→ **Stored dataset items**
========

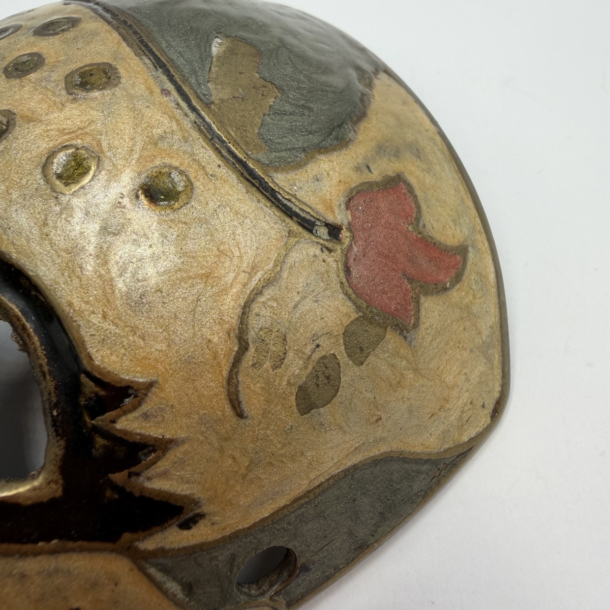 Vintage Venetian Bronze Enamel Mask Wall Decor | Hand Painted Masquerade Mask
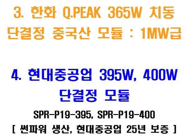 3) 한화 Q.PEAK 365W 치동 중국산 모듈 : 1MW급
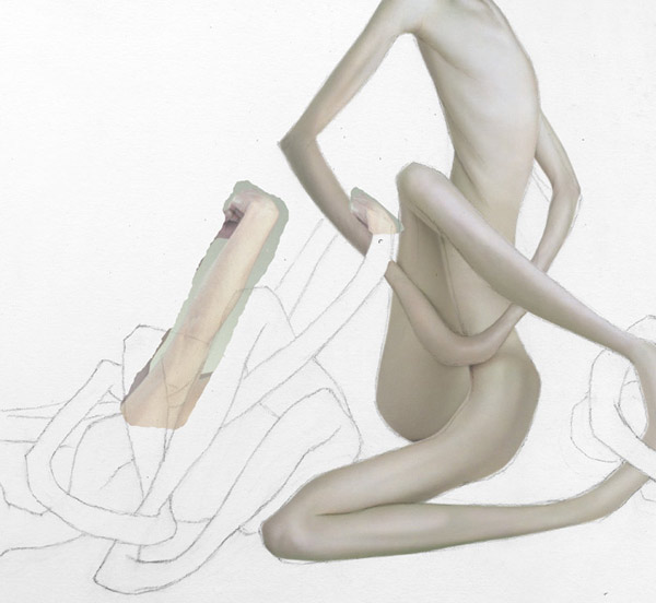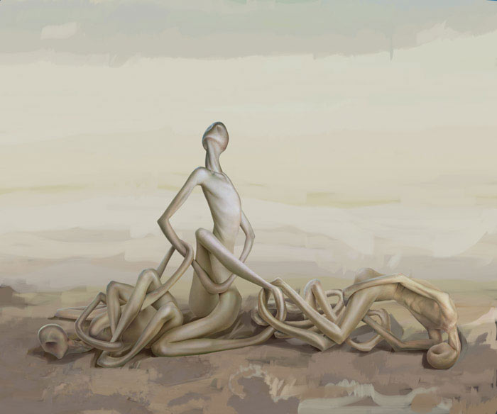 Сейчас я должен повторить все предыдущие действия в Painter с землей. Это меня утомляет, даже несмотря на мою природную моральную устойчивость в таких ситуациях.. Поэтому я решил переместить свои действия не только на землю, но и уже на фигуры. Я дорисовываю оттенки на телах. И так как работаю в отдельном слое, меня не особо заботят мелкие погрешности. Я все это поправлю в конце..
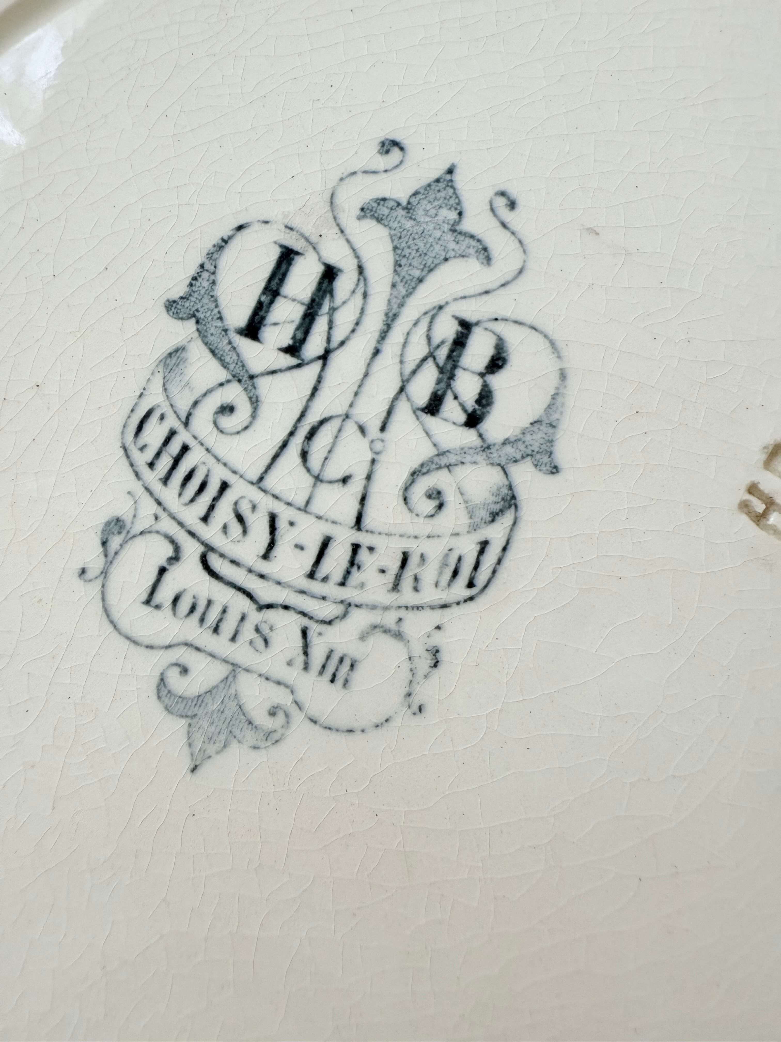 裏面には「HB&Cie Choisy-le-Roi」の刻印が入り、Hippolyte Boulenger & Cieによって製造されたことを示しています。ショワジー=ル=ロワは、フランスを代表する陶器メーカーの一つとして知られ、繊細な絵付けと優雅な装飾で高い評価を受けています。
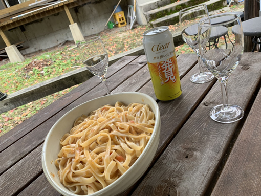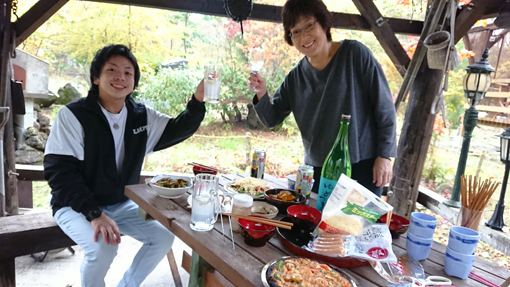 ![]() 紅葉が盛りの裏磐梯 10月の後半は裏磐梯の紅葉が盛りに成ります そこで山小屋へ集まり食べて飲んで紅葉狩りを楽しみました ![]() 山小屋の彩 東小屋 山小屋の木々も色付きが良い 太陽が顔を出してくれれば鮮やかな景色が約束されるが・・・? ![]() 暖機運転 石窯に火入 少し寒いがビールで暖機運転開始です 今日は石窯でピザを焼く予定で早めに火入れをしました ![]() 錦色の山 見事な色付き! 午後の一時 山小屋近辺を散策します ![]() パスタが出てきた エンジン快調 最初に出てきました酒のアテはパスタだ! 昼飯も未だだった為か3人で食べると直ぐに皿から消えてしまいました (笑) ![]() ピザの盛り付け 仲間の差し入れ ピザの盛り付けは具だくさんの贅沢な逸品です 焼き上がったピザを持ち仲間からの差し入れの酒を煽るのでした ![]() 芋煮の主役 芋汁で~す 今日の主役 芋汁が出来上がりました サトイモ・キノコ・コンニャク・油揚げ・鶏肉・大根・豆腐など! こくがあり旨味が凝縮された汁は正に天下の大統領と言わせしめた味です (笑) ![]() そろそろ仲間が来るかな! 焼き上がったピザ 準備が出来て仲間が来るのを待つ間に! 焼き上がったピザを頂きます トロリと解けたチーズが具に絡み 周りが焦げてるが・・・誰が作ったか・・・ピザ店に負けない味に舌鼓でした ![]() 露天風呂でご機嫌 小屋へ入り 露天風呂に入り日本酒を飲みます これは儀式の様なもので誰もが楽しむ一コマとなりました・・・笑 日が暮れて小屋へ入り宴会は続きます 何を飲んでも 何を食べても ゆかいな仲間が集れば笑いが絶えません! ![]() 翌日はキノコ狩り 広場に行く 午前様まで飲み明かした翌日はキノコ狩りです ![]() お目当てのキノコ ナメコ&オリミキ お目当てのナメコやオリミキが顔を出してる! ![]() 倒木に出ているナメコ 収 穫 倒木には団子状のナメコが出ています 袋にいっぱいに採ったキノコは分けてお土産となりました ![]() 裏磐梯の紅葉 少人数の芋煮会でしたが、 ゆかいな仲間と楽しい時を過ごすことが出来ました 動画をごらんくださいね! 戻る |
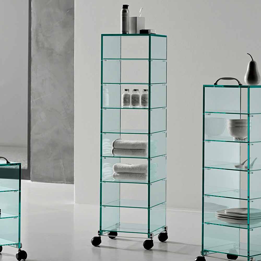 Hecho a mano en Italia con materiales de alta calidad , es un accesorio independiente sobre ruedas y está disponible en varios tamaños con 3, 6, 8 o 10 estantes.
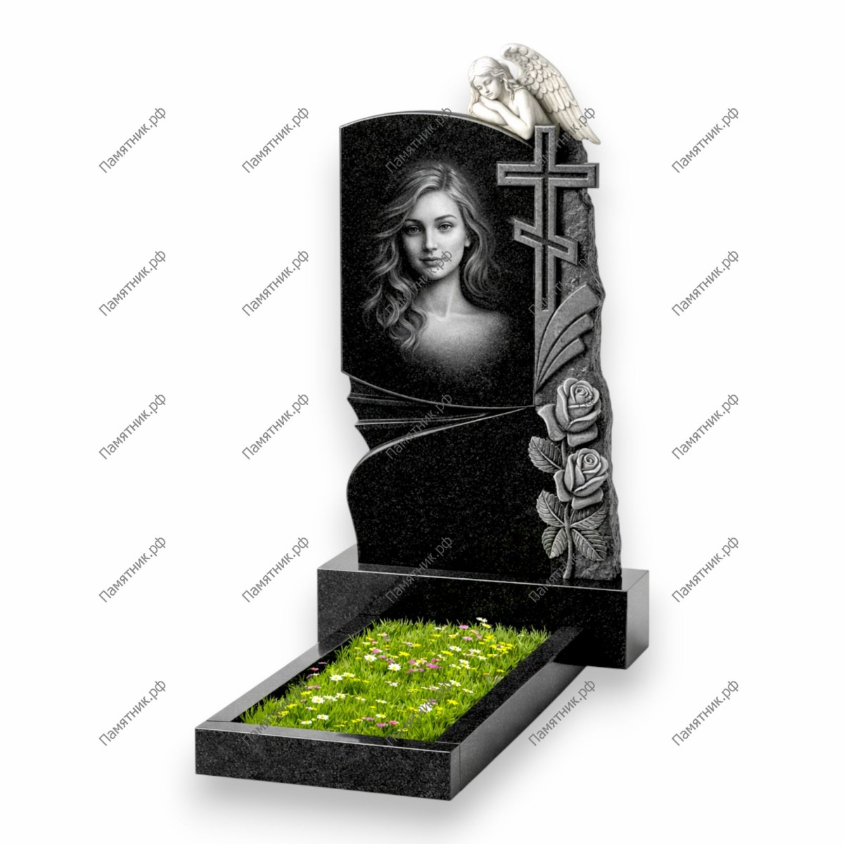 Сложная, высокохудожественная композиция, играющая на контрасте фактур. Правая грань памятника имеет обработку «скала» (природный скол), из которой выступают две объемные розы и строгий православный крест. На самом верху памятника отдыхает маленький резной ангел. Лицевая сторона украшена изящным волнообразным резом, разделяющим плоскость. Модель выглядит монументально и очень выразительно.

========

→ **About this task**
An exact transcription of the records above is needed, with no pictures included.

→ **Response**
 Vintage Venetian Bronze Enamel Mask Wall Decor | Hand Painted Masquerade Mask
 3) 한화 Q.PEAK 365W 치동 중국산 모듈 : 1MW급
 Сейчас я должен повторить все предыдущие действия в Painter с землей. Это меня утомляет, даже несмотря на мою природную моральную устойчивость в таких ситуациях.. Поэтому я решил переместить свои действия не только на землю, но и уже на фигуры. Я дорисовываю оттенки на телах. И так как работаю в отдельном слое, меня не особо заботят мелкие погрешности. Я все это поправлю в конце..
 裏面には「HB&Cie Choisy-le-Roi」の刻印が入り、Hippolyte Boulenger & Cieによって製造されたことを示しています。ショワジー=ル=ロワは、フランスを代表する陶器メーカーの一つとして知られ、繊細な絵付けと優雅な装飾で高い評価を受けています。
 ![]() 紅葉が盛りの裏磐梯 10月の後半は裏磐梯の紅葉が盛りに成ります そこで山小屋へ集まり食べて飲んで紅葉狩りを楽しみました ![]() 山小屋の彩 東小屋 山小屋の木々も色付きが良い 太陽が顔を出してくれれば鮮やかな景色が約束されるが・・・? ![]() 暖機運転 石窯に火入 少し寒いがビールで暖機運転開始です 今日は石窯でピザを焼く予定で早めに火入れをしました ![]() 錦色の山 見事な色付き! 午後の一時 山小屋近辺を散策します ![]() パスタが出てきた エンジン快調 最初に出てきました酒のアテはパスタだ! 昼飯も未だだった為か3人で食べると直ぐに皿から消えてしまいました (笑) ![]() ピザの盛り付け 仲間の差し入れ ピザの盛り付けは具だくさんの贅沢な逸品です 焼き上がったピザを持ち仲間からの差し入れの酒を煽るのでした ![]() 芋煮の主役 芋汁で~す 今日の主役 芋汁が出来上がりました サトイモ・キノコ・コンニャク・油揚げ・鶏肉・大根・豆腐など! こくがあり旨味が凝縮された汁は正に天下の大統領と言わせしめた味です (笑) ![]() そろそろ仲間が来るかな! 焼き上がったピザ 準備が出来て仲間が来るのを待つ間に! 焼き上がったピザを頂きます トロリと解けたチーズが具に絡み 周りが焦げてるが・・・誰が作ったか・・・ピザ店に負けない味に舌鼓でした ![]() 露天風呂でご機嫌 小屋へ入り 露天風呂に入り日本酒を飲みます これは儀式の様なもので誰もが楽しむ一コマとなりました・・・笑 日が暮れて小屋へ入り宴会は続きます 何を飲んでも 何を食べても ゆかいな仲間が集れば笑いが絶えません! ![]() 翌日はキノコ狩り 広場に行く 午前様まで飲み明かした翌日はキノコ狩りです ![]() お目当てのキノコ ナメコ&オリミキ お目当てのナメコやオリミキが顔を出してる! ![]() 倒木に出ているナメコ 収 穫 倒木には団子状のナメコが出ています 袋にいっぱいに採ったキノコは分けてお土産となりました ![]() 裏磐梯の紅葉 少人数の芋煮会でしたが、 ゆかいな仲間と楽しい時を過ごすことが出来ました 動画をごらんくださいね! 戻る |
 Hecho a mano en Italia con materiales de alta calidad , es un accesorio independiente sobre ruedas y está disponible en varios tamaños con 3, 6, 8 o 10 estantes.
 Сложная, высокохудожественная композиция, играющая на контрасте фактур. Правая грань памятника имеет обработку «скала» (природный скол), из которой выступают две объемные розы и строгий православный крест. На самом верху памятника отдыхает маленький резной ангел. Лицевая сторона украшена изящным волнообразным резом, разделяющим плоскость. Модель выглядит монументально и очень выразительно.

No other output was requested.